Further, regarding the current developments in the area of quantum annealers, larger graphs with less broken vertices, and operational times of over 1 year we can produce reusable templates for complete graphs with a reasonable computational power. Nevertheless, there is some space for improvements. By exploiting the full potential of the branching strategy shown in Sect. 4.2 using dedicated bounding techniques, we could develop a more customized, exact or heuristic, solver.

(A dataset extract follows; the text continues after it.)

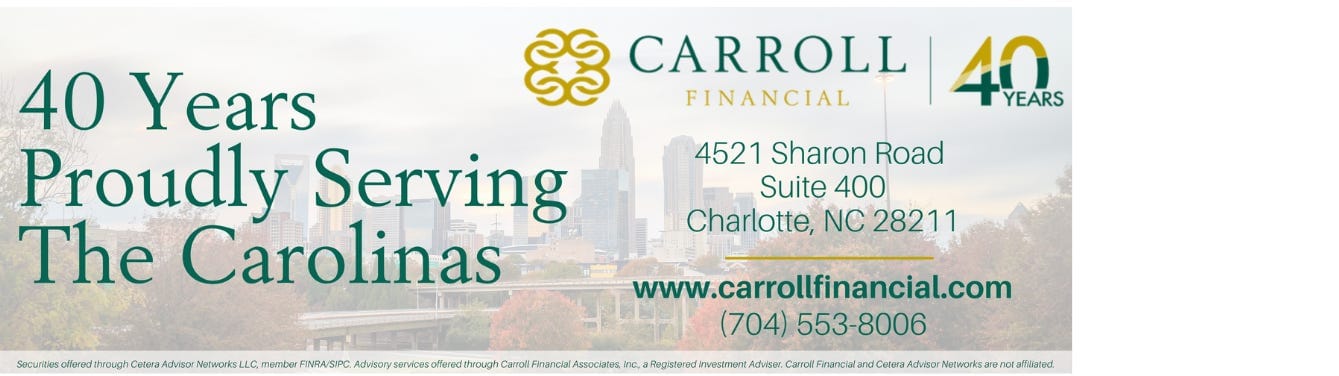 Today’s Charlotte Ledger is sponsored by Carroll Financial, one of the Charlotte region’s oldest and largest family-owned, independent financial planning and investment management firms:
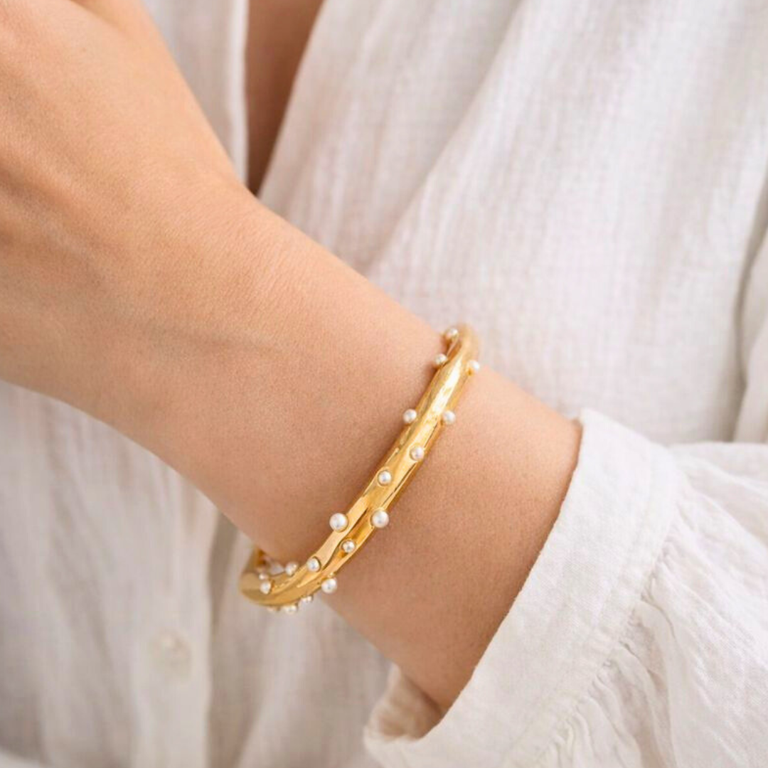 Timeless and graceful, the Mother of Pearl Bracelet is beautifully crafted with a luminous 18K gold plated finish. Featuring a soft iridescent glow, premium craftsmanship, and a waterproof, tarnish-free design, it embodies understated luxury and everyday elegance.

Another step is to transfer the approach to the just recently released new hardware graph Pegasus. It yields a larger connectivity for the same number of vertices, but at the same time this makes the Pegasus graph less approachable. The shown constructions for the Chimera graph provide a deeper insight into the structure of such lattice-like graphs and the problems dealing with them. Observing the physical realization by specifically arranged overlapping loops, one can see that the Pegasus graph is closely related to the Chimera [5]. Thus, we are confident that our model construction for the Chimera can be transferred to the Pegasus topology. Due to the larger vertex degree we even expect less constraints resulting from broken vertex pairs than for the Chimera.